2. Bei der Berufung eines Leistungsträgers ist insoweit regelmäßig allein vom Gegenstand seiner Verurteilung durch das SG auszugehen (vgl BSG SozR 3-1500 § 158 Nr 3 S 13). Rechtliche oder wirtschaftliche Folgewirkungen sind demgegenüber nicht in die Ermittlung des Werts des Beschwerdegegenstandes
einzubeziehen, selbst dann, wenn die angestrebte Änderung kraft bindender Vorschriften weitere Änderungen nach sich zieht
(vgl zB BSG SozR 3-1500 § 144 Nr 11 S 20; SozR 4-1500 § 144 Nr 2 RdNr 6 mwN; Leitherer, aaO, § 144 RdNr 15 mwN). Es kommt vielmehr allein darauf an, über welche Forderung "unmittelbar"
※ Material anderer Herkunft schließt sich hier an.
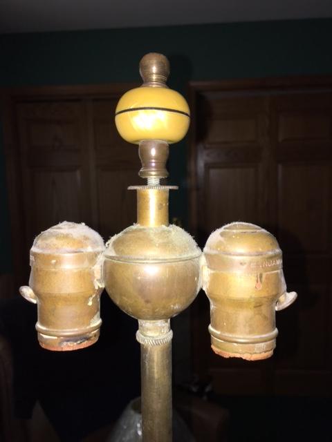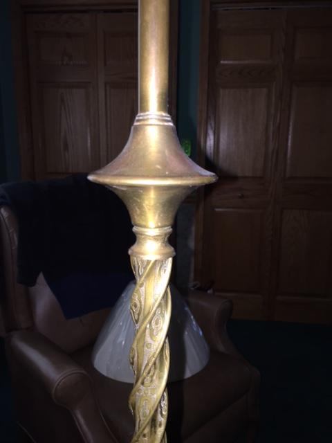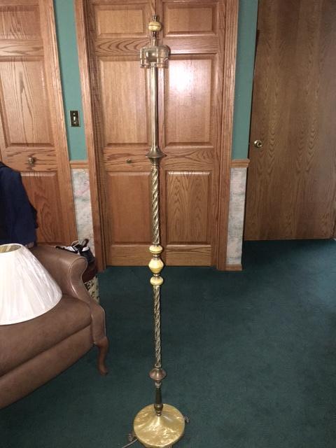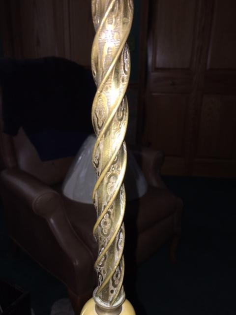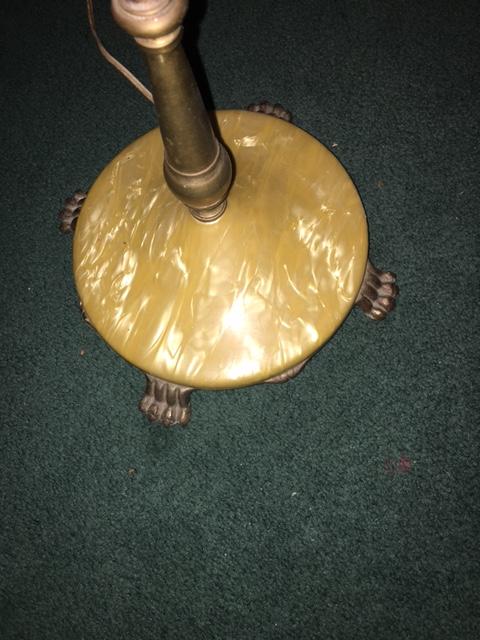 Spiral Shaft with Mother of Pearl Base with 4 Brass Claw Feet. The Shaft has "Three" Mother of Pearl knobs on center of shaft and one Mother of Pearl knob at Top to hold shade.

gestritten wird (BSG SozR 4-1500 § 144 Nr 2 RdNr 5). Die insoweit im zu entscheidenden Fall maßgebende Summe des Krg, zu deren Zahlung an den Kläger das SG die Beklagte für den Zeitraum vom 1.2.2014 bis zum 31.3.2014 verurteilt hat, macht nach den für den Senat bindenden Feststellungen
des LSG (vgl §
163 SGG) und bezüglich derer auch offensichtliche Unrichtigkeiten wie Rechenfehler nicht ersichtlich sind, weniger als 750 Euro aus.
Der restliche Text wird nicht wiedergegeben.